46億年変わらないこの風景毎日見ても……さすがに飽き飽きです!
食べ物は毎日毎日果物ばっかり、空もきれいなだけでバリエーションが少ないし、動物たちもたくさんいるといってもそれ程もつもんじゃありません!
だだっ広いエデンの園にこだまする、「ヒマだ!」の声……
そんなアダムのもとに、イブがやってきました。
またつまらない病?と心配してくれているイブですが、その気持ちはありがたいものの、だからと言って退屈が緩和されるわけじゃありません。
何か刺激はないのかとごねるアダム、そこでイブが提案したのはアデリーペンギンの交尾でも見に行くか?というちょっとアレなイベントでした!!
なんかイブさん、動物の交尾を見るのが大好きなようです……!

草原に並んであおむけに寝転がる二人。
アダムはイブに、こんなところに俺と二人ゴロゴロする生活って嫌にならないか?と尋ねるのですが、イブはこの暮らしが好きだし嫌だと思ったことは一度もない、アダムがそばにいれば幸せ、と満面の笑みをこぼします。

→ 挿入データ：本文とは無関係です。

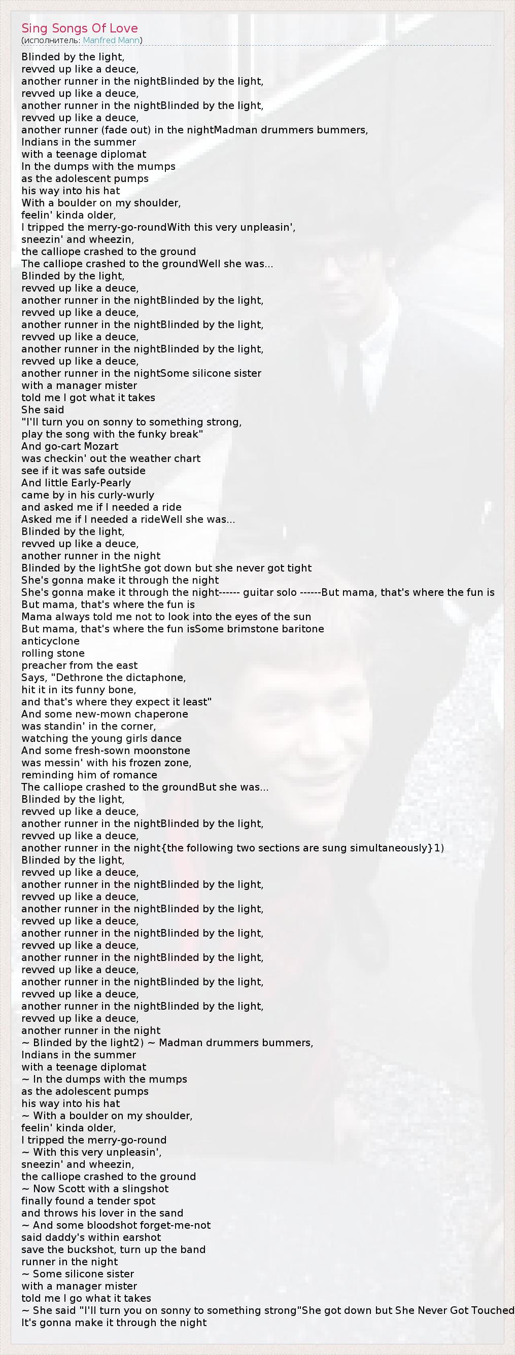 ~ Blinded by the light2) ~ Madman drummers bummers,
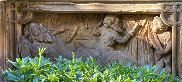 enen Brunnen buut un ehr Daun in Sandstein haugt.
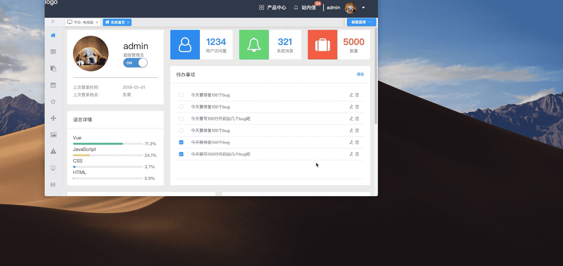 此开发框架是github 名为 lin-xin 的 vue-manage-system

それでもアダムは、こんな怠惰な生活をしていたら頭が錆びついてしまう、何か大きな刺激が必要だともらし……ついに決意するのです。
禁断の果実を、食べよう!!

木に登って果実をもぎ取ってみたものの、さすがにそのあとはちょっとためらいます。
もぐなとは言われていないと強がるアダムですが、イブはきっと毒があったりするんだよと及び腰。

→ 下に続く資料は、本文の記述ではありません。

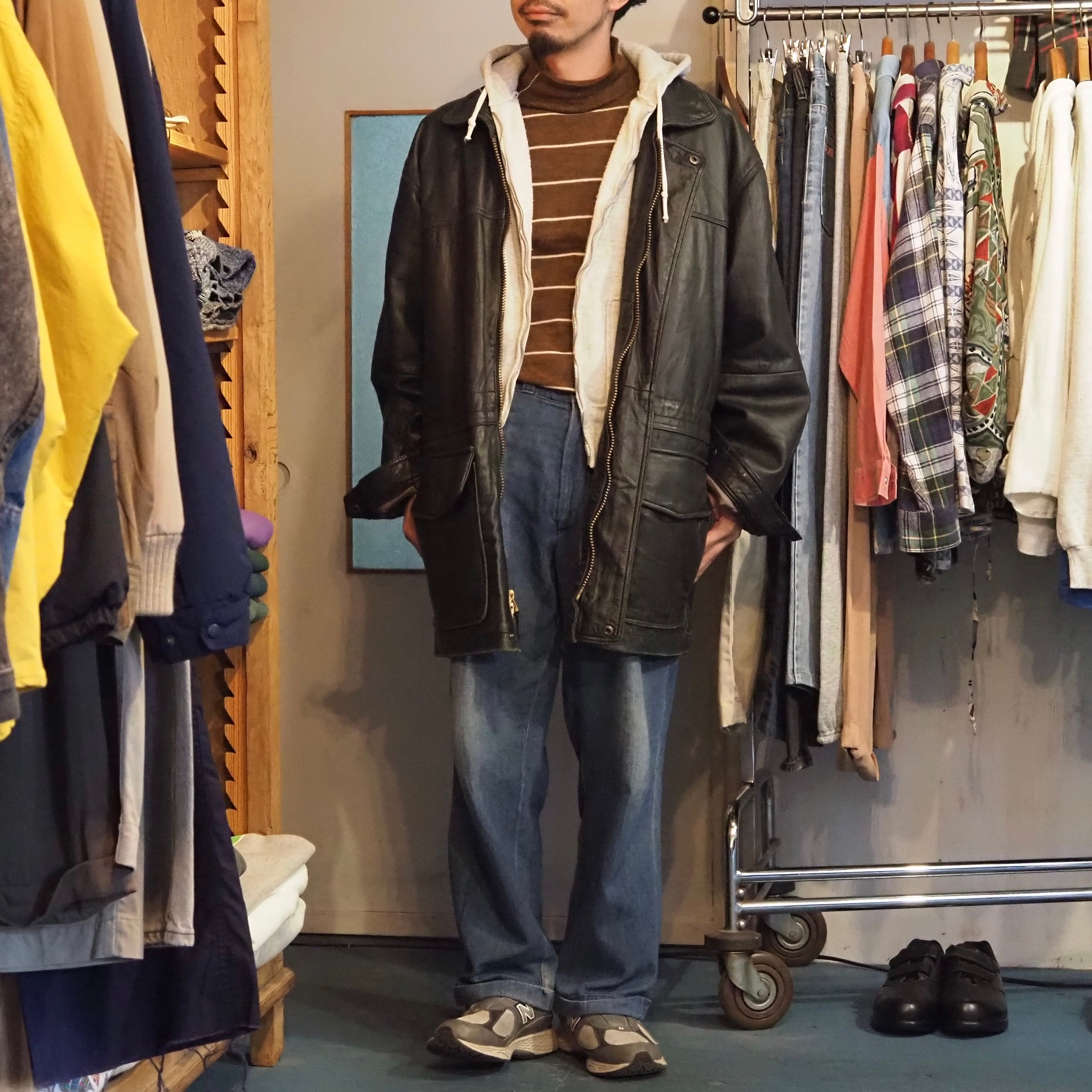 もっちりとしたレザーは柔らかくきれいに肩がドロップするので、ロング丈のレザーとしてはかなり着やすいと思います。
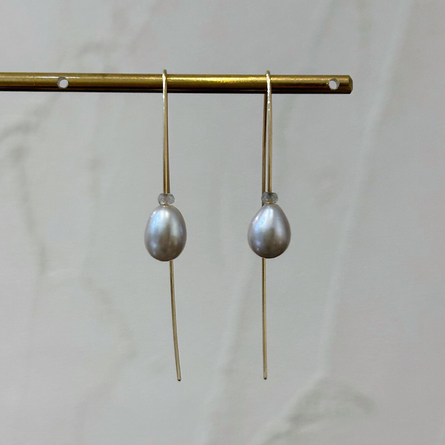 K10の柔らかな金色とグレーの淡水パールの組み合わせが、
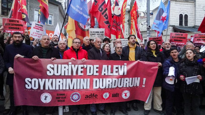 Saziyên Elewiyan yên ku li Stenbolê li hev civiyan, êrîşên qirkirinê yên çeteyên cîhadîst ên girêdayî hikûmeta demkî ya Sûriyeyê li ser gelê Elewî tê meşandin protesto kirin. Gelek partiyên sosyalîst ên mîna ESP, Kaldiraç, Partîzan, SEP, TÎP û Yeşil Sol piştgirî dan çalakiya ku li Qada Khalkedon a Kadikoyê hat lidarxistin. Di çalakiyê de pankarta “Qirkirina Elewiyên li Sûriyeyê rawestînin” hat hilgirtin û dirûşmeyên bi Erebî û Tirkî “Qatil Colanî, hevkar AKP,” û “Qatil Colanî ji Sûriyeyê derkeve” hatin berzkirin. Saziyên Elewiyan diyar kirin ku ew zîhniyeta li pişt êrîşên li ser Elewiyên li Sûriyeyê ji Sêwas, Mereş, Çorûm û Gaziyê nas dikin û gotin, ”Elewî wê çong daneynin! Hûn nikarin bi me çong deynin!”
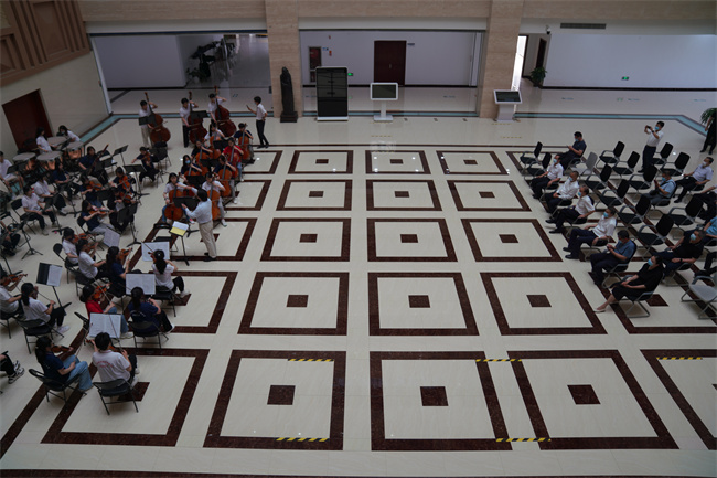 在图文中心二楼大厅,音乐学院交响乐团现场奏响了《我的祖国》。“一条大河波浪宽,风吹稻花香两岸……”当乐手们演奏起这段熟悉的旋律,台下听众不禁轻声哼唱起来,爱国之情在心中久久回荡。

そこでアダムはイブの鼻先にグイグイ果実を押し付け、めっちゃいい匂いだから嗅いでみろと持ち掛けると……瞬く間にそのいい匂いにメロメロになってしまうのです!!
エスカレートしてきた二人は、次に果実の表面をなめてみます。
なんだこれ、超うまい、と驚愕するアダムですが、イブのはまりっぷりはそれどころはありません!!
一心不乱に果実をペロリまくり、もうアダムの声も満足に聞こえていないようで。
楽しみはあとに取っておこうぜ、俺たちに残された最後の娯楽なんだから、といったん話題を変えようとするのですが……もうその時にはイブさん、果実にかぶりついていたのでした!!

果実を食べた瞬間から、イブに変化が現れます。
今までにはなかった羞恥心が芽生え、アダムや自分の半裸の格好を恥じるように。
まだ食べていないアダムは何が何だかわからないまま戸惑っていますと……イブ、パッとその姿を消してしまったではありませんか!!
うろたえていますと、そこに神様がやってきます。
神様は果実の件で怒り出すのですが、その内容は禁断の果実を食べるの遅すぎだろ!!というものでした!!

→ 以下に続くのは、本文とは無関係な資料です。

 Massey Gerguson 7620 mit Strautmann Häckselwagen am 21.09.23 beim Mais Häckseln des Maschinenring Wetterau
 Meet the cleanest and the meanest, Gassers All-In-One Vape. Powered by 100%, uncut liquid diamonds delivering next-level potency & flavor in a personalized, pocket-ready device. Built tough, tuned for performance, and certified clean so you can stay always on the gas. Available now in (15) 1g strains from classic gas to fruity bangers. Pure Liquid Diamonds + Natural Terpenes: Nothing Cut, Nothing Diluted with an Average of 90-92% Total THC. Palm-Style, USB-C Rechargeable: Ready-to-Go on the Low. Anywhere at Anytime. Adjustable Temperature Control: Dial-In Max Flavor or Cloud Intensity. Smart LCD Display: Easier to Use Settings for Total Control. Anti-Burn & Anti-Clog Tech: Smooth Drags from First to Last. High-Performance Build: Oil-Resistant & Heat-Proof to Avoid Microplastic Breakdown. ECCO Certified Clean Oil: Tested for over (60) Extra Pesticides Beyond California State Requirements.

イブは禁断の果実を食べたことによって、エデンの園の外に飛ばされたんだ。
本来なら自発的にアダムが食べるのを待ちたかったが、そうも言っていられない、さっさとお前も果実を食べてイブを探してこい。
そう言ってアダムの口に果実を叩き込んだのでした!!!

気が付いたアダムは、人でごった返すスクランブル交差点の中央に全裸で寝っ転がっておりました。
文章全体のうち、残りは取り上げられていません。